One of Russian literature's most renowned love stories—a vivid and sensitive account of adolescent love, wherein the sixteen year old protagonist falls in love with a beautiful but older woman living next door, thereby plunging into a whirlwind of changing emotions that are heightened by her capriciousness, and leading to a truly heart-rending revelation.
The Art of The Novella Series
Too short to be a novel, too long to be a short story, the novella is generally unrecognized by academics and publishers. Nonetheless, it is a form beloved and practiced by literature's greatest writers. In the Art Of The Novella series, Melville House celebrates this renegade art form and its practitioners with titles that are, in many instances, presented in book form for the first time.
This vivid, sensitive tale of adolescent love follows a 16-year-old boy who falls in love with a beautiful, older woman and experiences a whirlwind of changing emotions, from exaltation and jealousy to despair and devotion.

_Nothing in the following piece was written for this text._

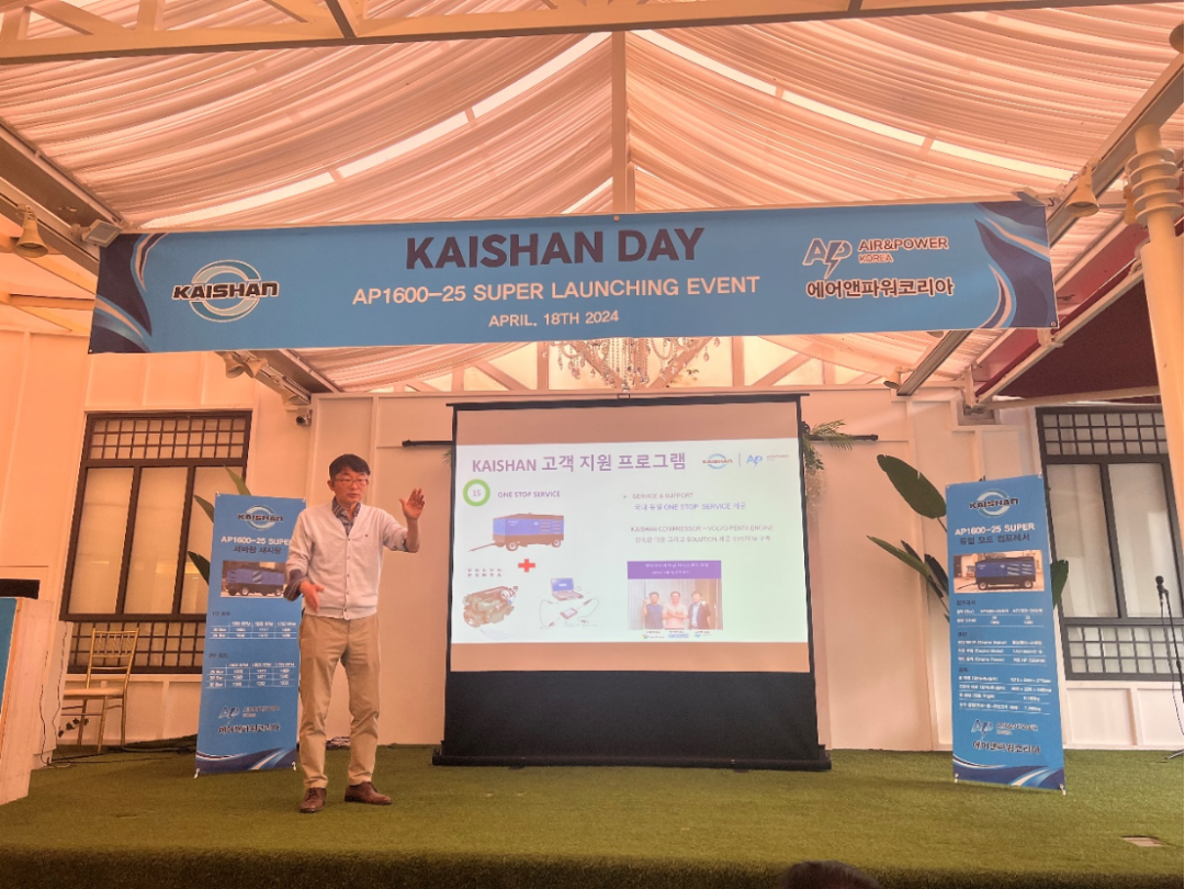 A&P公司总经理Mr.Koh Kwanhyun主持了活动,并专题报告、介绍了3044永利,向韩国客户介绍了3044永利强大的研发实力,说明了3044永利移动空气压缩机的性能和技术特点。来自基础建设、桩基应用、地热钻井、水井钻井、矿山市场的100余位客户认真聆听了Mr.Koh的讲解。

This beautifully packaged series of classic novellas includes the works of masterful writers. Inexpensive and collectible, they are the first single-volume publications of these classic tales, offering a closer look at this underappreciated literary form and providing a fresh take on the world's most celebrated authors.
About the Author
Ivan Turgenev was born into a wealthy, landed family in Oryol, Russia on October 28, 1818, the son of a chronically philandering cavalry officer and an unhappy, abusive heiress. As a child one of the family serfs read him verses from the Rossiad of Kheraskov, and Turgenev’s early attempts at literature and poetry gave indications of genius. He was sent to study at the University of Berlin in 1838 and returned impressed with German society, believing Russia could best improve itself by incorporating ideas from the Age of Enlightenment. Turgenev made a name for himself, beginning in 1852, with the short-story collection A Sportsman’s Sketches. He followed with the novels Rudin in 1854, A Nest of the Gentry in 1858, and On The Eve in 1859. Yet Turgenev’ s seeming pro-Western philosophy led to a tempestuous relationship with his countrymen—Tolstoy, at one point, challenging him to a duel—and his masterpiece Fathers and Sons, released in 1862, went largely unappreciated in his home country. Disillusioned, Turgenev wrote progressively less and less, spending ever more time abroad later in life. He died at Bougival, near Paris, on 4 September 1883.